Al Jadeed
- Al Jadeed logo
- Country: Lebanon
- Broadcast area: Lebanon Worldwide (via Internet)
- Headquarters: Salim Salam, Beirut

Programming
- Language: Arabic
- Picture format: 1080p

Ownership
- Owner: Tahseen Khayat

History
- Launched: 1992; 33 years ago
- Former names: New TV

Links
- Website: www.aljadeed.tv

= Al Jadeed =

Lebanese TV channel

Al Jadeed (الجديد, New TV) is an independent Lebanese TV station. Headquartered in Beirut, it was launched in 1992 and paused its broadcasts in 1997 due to Syrian intervention, before resuming broadcasting in 2001.

On 9 May 2005, Al Jadeed was also launched in America and the Pacific, reaching Arabic-speaking immigrants in the United States, Canada, South America and Australia. As of 2012, it has become available for viewers in South America through over-the-top technology on myTV.

In 2007, a copyright issue arose with the name "New TV" and the channel Arabized its name, to which it became Al Jadeed TV. The station is owned by Tahsin Khayat.

==History==

=== From 1991 to 1996: New TV ===
Up to 1996, New TV was regularly in conflict with the ruling leaders. At the end of 1996, the Lebanese Ministry of Information decided to shut many TV stations, including New TV, the only secular broadcaster in Lebanese. Only five channels then got the right to broadcast, chosen according to match religious communities’ demands.

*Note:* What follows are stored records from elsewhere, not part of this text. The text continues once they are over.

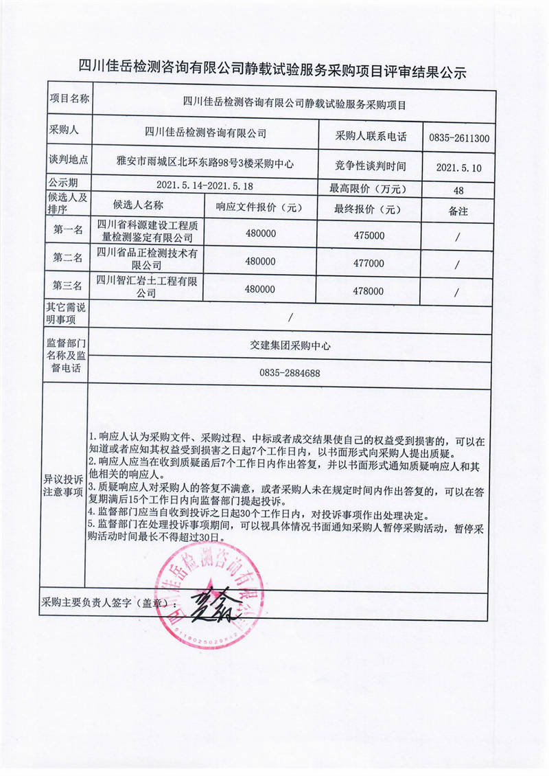 四川佳岳檢測(cè)咨詢有限公司靜載試驗(yàn)服務(wù)采購(gòu)項(xiàng)目評(píng)審結(jié)果公示
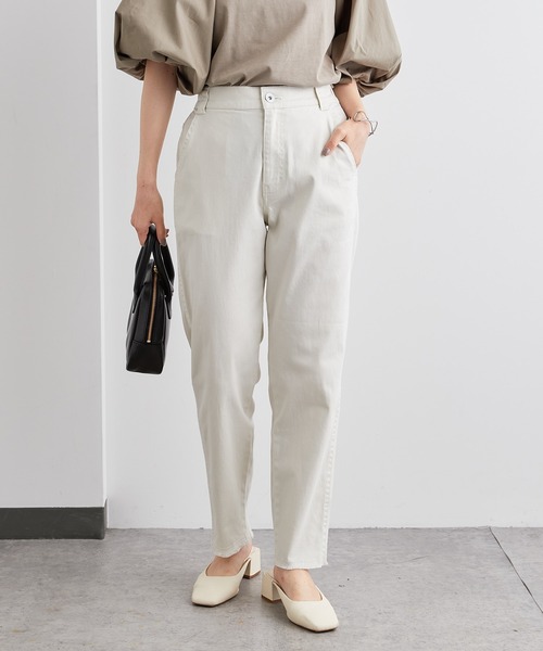 ピュアルセシン 2022 SS collection【classical fragrant】 ◇シンプルで使い勝手抜群なデニムパンツ◇ ●デザイン どんなアイテムとも組み合わせしやすいシンプルなデニムパンツ。 裾にかけて細くなるテーパードシルエットは、脚のラインをカバーして美脚に見せてくれます。 ウエスト後ろはゴム仕様。高いストレッチ性があるのでデニムなのにリラックスした穿き心地を実現しました。 裾は切りっぱなしフリンジで抜け感もあり、カジュアルコーデからキレイめコーデまで幅広く活躍してくれます。 ●カラー展開 アイボリー/ブルー/インディゴブルーの3色展開。 ●素材 軽やかな素材でストレッチ性が高いので動きやすく、ラフな着心地です。 ●スタイリング カジュアルなTシャツやキレイめな雰囲気のシャツブラウスなど幅広く着回し可能。 ワンピースやチュニックなど、着丈の長いアイテムと合わせてもレイヤードしやすいのでおすすめです。 =============================== 透け感:なし 裏地:なし 伸縮性:あり 光沢感:なし 生地の厚さ:やや薄手 【スタッフコメント】 年齢:20代半ば/身長:154cm/普段着用サイズ:Mサイズ サイズ感:足首が隠れるジャストなパンツ丈です。 素材感:伸縮性があり自転車も楽々。やや薄手なので真夏でも着やすそうです。 =============================== ※撮影場所やお使いのモニター環境により若干お色味が異なる場合がございます。特にロケの撮影では明るく見える傾向にございます。 ※予約商品はサンプルで撮影をしております。若干の仕様が変更になる場合がございますので予めご了承の上ご注文くださいますようお願いいたします 。
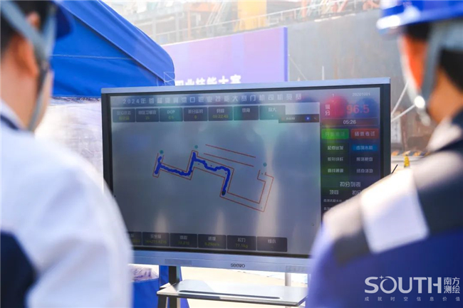 比賽期間,選手們爭分奪秒,熟練操作門機完成各項任務挑戰,以精湛的技藝和頑強的拼搏精神,展現了新時代技能人才的卓越風采。南方測繪北斗高精度電子裁判系統精準捕捉選手操作軌跡,將定位打靶、蛇形繞樁等計分要點可視化,助力比賽順利進行。
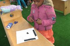 Regelmatig wordt er weer in geknipt alsof het te groot is geworden. Indy werkt rustig aan een voorwerpje.
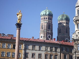 Münchens Wahrzeichen: Mariensäule und Marienkirche |

=== Since 2001: Al Jadeed TV ===
From 2000, New TV received a licence again and it became Al Jadeed TV in 2001.

==Attacks, threats and intimidation attempts against Al Jadeed TV ==

=== Broadcasting suspended in 2003 ===
In January 2003, Information Ministry Michel Samaha ordered to hold the broadcasting of Al Jadeed TV's programs. This decision involved the Bila Rakeeb weekly program that had been advertising on revelations about Saudi Arabia.

=== Chairman arrested in 2003 ===
On December 7, 2003, Tahseen Khayat, Al Jadeed TV's Chairman was arrested at home and held in custody for two days. The channel's offices and Tahseen Khayat's home were searched.

=== Threats against a female anchor in 2003 ===
In July 2003, Al Jadeed TV broadcast a new documentary involving the Lebanese General Jamil El Sayed in a corruption case with Syria. Most of the channel's managers were summoned to the Tribunal of Beirut. Among them was Dalia Ahmad, a famous anchor. As a non-Lebanese, her work permit was withdrawn and she was then told she could work for any other Lebanese TV station but not Al Jadeed. She finally resigned in December 2003. She then worked in the United States for Al Hurra and eventually came back to Al Jadeed TV after Jamil Al Sayed's arrest in October 2005. Independently from this case, she resigned again in 2018 and came back to the station in 2019.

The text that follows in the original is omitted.